Workers booed several times during the speech by Volkswagen management, especially when Blume talked about growing up in the area and Wolfsburg being his spiritual home. Labor Minister Heil urged all parties to find a solution that does not include plant closures or forced layoffs to ensure that future investment can support Germany's industrial sector. Union officials said that if the two sides do not reach an agreement in negotiations next week, workers may increase pressure, leading to longer or even indefinite strikes.
On September 2 this year, Volkswagen issued a statement saying that in order to further cut expenses, the company is considering closing one of its car manufacturing plants and a parts plant in Germany. This will be the first time Volkswagen has closed a factory in Germany since its founding in 1926. The closure and forced layoffs of German domestic factories will be completed by 2026. On October 29, Volkswagen Group's works council informed employees on the 28th that management plans to close at least three plants in Germany, lay off tens of thousands of employees and shrink the size of all its remaining plants in Germany.
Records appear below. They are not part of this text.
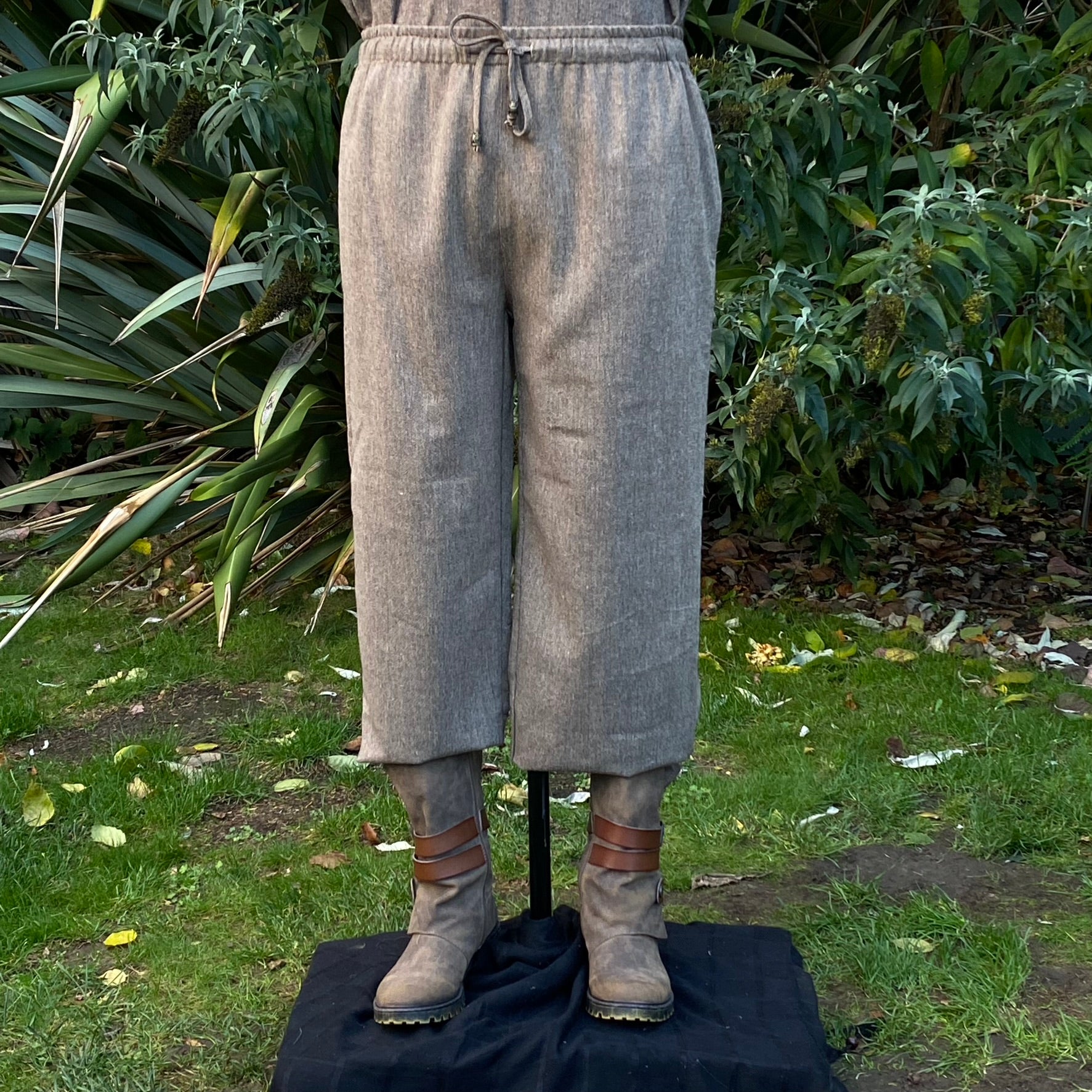 Wool Viking Pants – Soft, breathable wool trousers with a relaxed baggy fit, tapered ankles, side lace-up detailing, and adjustable drawstring waistband. Reinforced stitching ensures durability for extended wear.
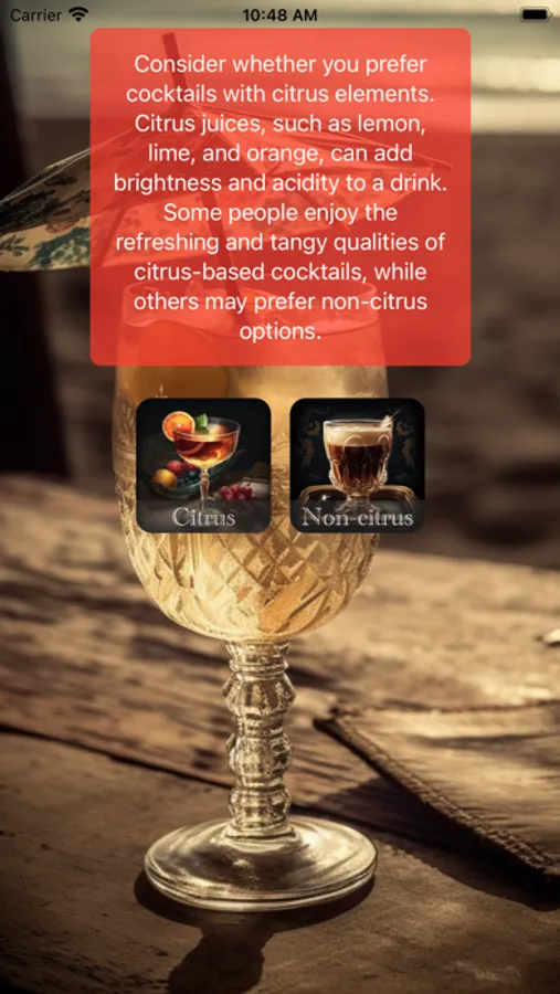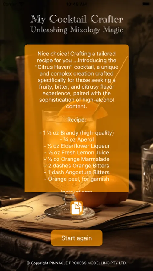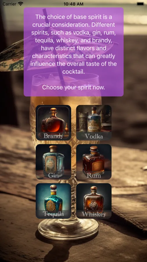 Once you've chosen your base spirit, My Cocktail Crafter, whisks you away to a world of limitless possibilities. With a few simple taps, the app generates a completely novel cocktail recipe tailored specifically to your chosen base spirit.
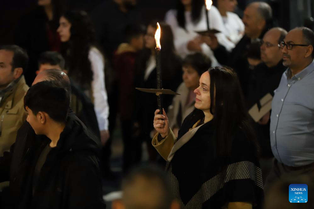 Palestinians participate in a march in the city of Bethlehem, south of the West Bank, to express solidarity with the victims in Gaza and call for an end to the war, on Dec. 25, 2025. (Photo by Mamoun Wazwaz/Xinhua)

The board of directors of Volkswagen in Germany has formulated a plan to save about 4 billion euros on underperforming passenger car brands. These proposals include a 10% cut in employees' monthly salaries, a suspension of wage increases in 2025 and 2026, and the closure of some German plants.
In November this year, the IG Metall union proposed a plan to Volkswagen to save 1.5 billion euros, including giving up bonuses in 2025 and 2026 and using part of the wage increase brought about by age to establish a fund to reduce working hours during periods of overcapacity. However, Volkswagen rejected the proposal, saying it could only provide short-term relief, which forced the union to take strike action.
Volkswagen is facing the challenge of declining performance. In the first three quarters of this year, Volkswagen Group's revenue increased from 235.102 billion euros in the same period last year to 237.279 billion euros; but operating profit dropped sharply from 16.241 billion euros in the same period last year to 12.907 billion euros; operating profit margin also shrank from 7.0% in the same period last year to 5.4%. Among them, the operating profit margin of Volkswagen, the core brand of Volkswagen Group, was only 2.1%.
At present, due to weak demand in the European auto market and the slower-than-expected popularity of electric vehicles, the European auto industry is in turmoil, and thousands of jobs at automakers and their suppliers are at risk. In addition to Volkswagen, many automakers and suppliers are also planning layoffs. According to incomplete statistics from the First Financial reporter, eight companies, including Volkswagen, Audi, Ford, Stellantis and four parts giants, will lay off a total of about 50,000 people in Europe.